Picture from: http://www.willhillenbrand.com/book_59.html
Down by the Barn by Will Hillenbrand is so merry.  It piggybacks on the tune: "Down by the Station" and used baby farm animals.  The farmer and scarecrow go around pulling wagons rounding up the baby farm animals for a fun time with visiting children.  The story has a sneaky fox, a lively tune, and sensational mixed media art.  I simply adore Will's art, style, and endearing stories.  
I've been using Down by the Barn with my outreach this week.  I start with this title and intro it with telling the children that the farmer and scarecrow go around pulling wagons rounding up the baby farm animals.  Each time they add a new baby animal, we add a sound.  Watch out for the fox! We need to keep an eye on that wily guy.
And we begin.  I start singing the song, stop to point out where the fox is, using a descriptive word like behind the bush, between the grass, etc. I encourage the children to say the "puff, puff, click, clank, off we go," together. I also ask them what animal is coming next.  Depending on the age of children, how large the group, and how their attention is doing, I sometimes point out the name of each baby animal, where the fox is, what the animal sound is, and so on.  
Sometimes I ask where the fox is on one page, then on the next page, tell them the baby's name, like gosling is a baby goose.  If I have a group of 1 - 3's I just sing through the book and we do each sound, but don't point out too many other details.  If it's 2 - 4's add one more detail, if it's 3 - 4's or 4 - 5's add another detail and so on.  
I even used this with a Kindergarten class and I wouldn't let them say out loud where the fox was yet, they had to wait, using a quiet thumb's up, thinking the answer, but not saying it yet, and then when I was done singing that page, they had to raise their hands and describe with a word where the fox was, no pointing.  For example - is he behind the red wagon or in front of the blue tractor? If they need help focusing and putting the answer into words, then of course, I help them with that.
This book was amazing to use with kids.  How I use it with groups of 5 to 25 is getting the children to focus on the story, to become a teller of the story, so if there's a little chatter back and forth that's OK.  Sharing a great book together does not have to be always a total quiet affair.
I also used Find the Piglet by Phil Roxbee Cox, illustrated by Stephen Cartwright; Old MacDonald Had a Farm by David A. Carter; and Are You My Mommy? by Carla Dijs.

Update

Dear Friends, if you read this blog, I've been slowing down to pay attention to some health issues.  I'll blog as I can.
Thank you,
Dianna Burt

Friday, September 26, 2014

Friday Favorites

Goatilocks and the Three Bears by Erica S. Perl, illustrated by Arthur Howard is a terrific new Goldilocks and the Three Bears variant.  I simply love this version.  You know what goats do, right? Yes, they eat a lot of different stuff.  So this is no regular telling, Goatilocks eats her way through the story.  
The watercolor art is delightful, fresh and amusing. Howard is known for the art in the Cynthia Rylant Mr. Putter and Tabby series, and tons more books.  
This portrayal of the 3 Bears will lend itself very well to comparing and contrasting to the original and other versions.  
I'll recommend this to teachers, parents, and children.  And I'm going to feature it in my outreach next month.
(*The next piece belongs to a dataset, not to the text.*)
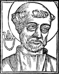 Description: An image of Saint Miltiades, or Melchiades, Pope of the Roman Catholic Church and the Bishop of Rome (r. 311-314 CE). He is depicted with a nimbus; to the left is a blank coat of arms with the papal triple tiara above.

Thursday, September 25, 2014

Thoughtful Thursday

Sea by Laura Green, graphic design by Sophie Hinton is technically a board book, but it's just too fun to miss.  It's part of a new series called Peekaboo! It has a die cut hole on each page and you see that animal behind it is different than all the rest.  There are sound clues that the sea creature on the next page is not the same.  It's simple and streamlined, but still interesting enough for the youngest preschoolers.  I'll share this in Storytime and see how they like it.  I'll probably wish it was a bigger format.
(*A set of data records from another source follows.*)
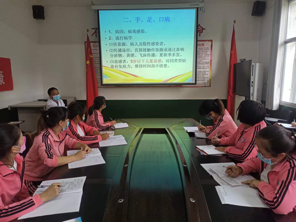 會上,商南縣試馬鎮(zhèn)衛(wèi)生院的田基敏副院長,就常見的傳染病知識做了專題培訓(xùn),向全體教職工講解了水痘、手足口病、流行性感冒、諾如病毒、流行腮腺炎等十幾種常見傳染病的發(fā)病癥狀、傳播途徑、易感人群、預(yù)防措施內(nèi)容,提高了教職工對傳染病的防控能力。各教師紛紛表示,在打掃好幼兒園環(huán)境的同時,更要做好幼兒園全面的消毒工作,利用家訪、微信、電話等方式攜手家長積極配合,參與到幼兒傳染病防控工作中來,共同做好幼兒的傳染病防控工作。
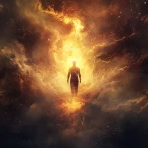 «A high-speed photography capture of a humanoid figure mid-leap,...»
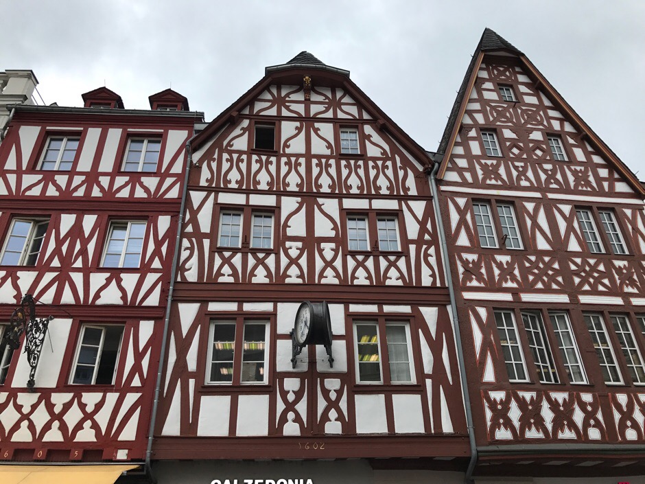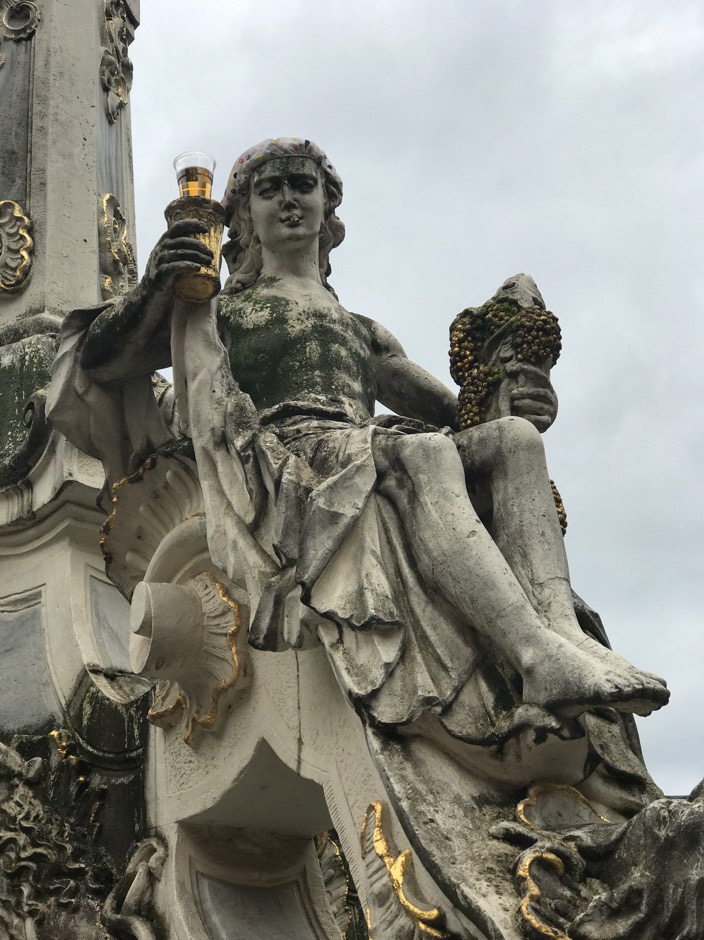Hotel Romerbrücke heeft een garage voor de fietsen, een drooghok voor de tent en het lekkerste dessert dat we ooit hebben gegeten: kaneelpruimen met vanilleijs en slagroom. Bij Bett+Bike hotels kan je een lunchpakket bestellen, wat ons wel handig leek. Op zondag kan er veel gesloten zijn in Duitsland. Trier, samen met Worms de oudste stad van Duitsland, is een beetje zoals ik me Wenen voorstel: veel protserige fontijnen en rococo/barok beelden en gevels. Verder is het net de Kalverstraat met overal winkelformules, behalve de drogisterijen: die zijn zo groot als een supermarkt. Hoeveel onzinnige zooi kan je denken nodig te hebben? Ik zag een man met een halve winkelwagen vol drogisterijartikelen.

Wednesday, September 24, 2014

Wonderful Wednesday

Oliver and His Egg by Paul Schmid is sweet.  Oliver thinks he has an egg and it will hatch and he and his new friend will have all kinds of adventures.  But then one of his friends mentions that it is really a rock.  Instead of Oliver feeling deflated and disappointed, Oliver's imagination goes wilder.  I love the energy of this book and that Oliver makes lemonade from lemons.  That's a great spirit of adventure he has.  The art is created with pastel pencil and digitally colored.  I'll use this with children from preschool to third grade.
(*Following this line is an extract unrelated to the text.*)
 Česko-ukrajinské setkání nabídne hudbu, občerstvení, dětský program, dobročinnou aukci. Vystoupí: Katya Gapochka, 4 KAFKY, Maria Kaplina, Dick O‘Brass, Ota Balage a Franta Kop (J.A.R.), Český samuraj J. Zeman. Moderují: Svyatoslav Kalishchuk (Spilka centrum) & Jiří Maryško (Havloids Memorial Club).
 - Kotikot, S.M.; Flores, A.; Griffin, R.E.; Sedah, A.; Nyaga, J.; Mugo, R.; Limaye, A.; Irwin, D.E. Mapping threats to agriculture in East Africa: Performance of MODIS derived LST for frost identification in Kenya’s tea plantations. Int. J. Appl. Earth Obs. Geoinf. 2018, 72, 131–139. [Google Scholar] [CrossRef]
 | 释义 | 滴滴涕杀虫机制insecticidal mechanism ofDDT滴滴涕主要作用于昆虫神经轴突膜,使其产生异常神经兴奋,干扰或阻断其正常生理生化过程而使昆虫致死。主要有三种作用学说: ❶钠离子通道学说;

Tuesday, September 23, 2014

Terrific Tuesday

The Very Cranky Bear by Nick Bland was first published in Australia in 2008.  I'm glad it made it to the States because it is hilarious. Four animals wander into Bear's cave to play games during a rainstorm.  But they wake up that very cranky bear and it's no more games for them.  I love how zebra, lion, and moose think that making bear more like them is what will make him happy, but sheep listens and finds out what bear really wants.  Kids will love this and so will their parents. 

Monday, September 22, 2014

Marvelous Monday

There Once Was A Cowpoke Who Swallowed an Ant by Helen Ketteman, illustrations by Will Terry is deliciously wild.  It's a new take on the "Old Lady Who Swallowed a Fly."  I love the pairing of Ketteman and Terry.  I've shared their books in first and second grades and the kids respond so well to the stories and the art.  Probably our favorite was "The Three Little Gators" with the big bottom boar.  There is nothing so great as a wild animal that mashes other animals' houses with its butt.  This title has a distinctive southwest flavor with the roadrunner, boar, 'dillo, and lizard.  This year with my outreach I'm using variants of old tales.  There Once Was a Cowpoke... will hit if off well with the kids too.  I love Terry's use of perspective and I thought I knew where the story was going when I saw the outhouse, but I was tricked!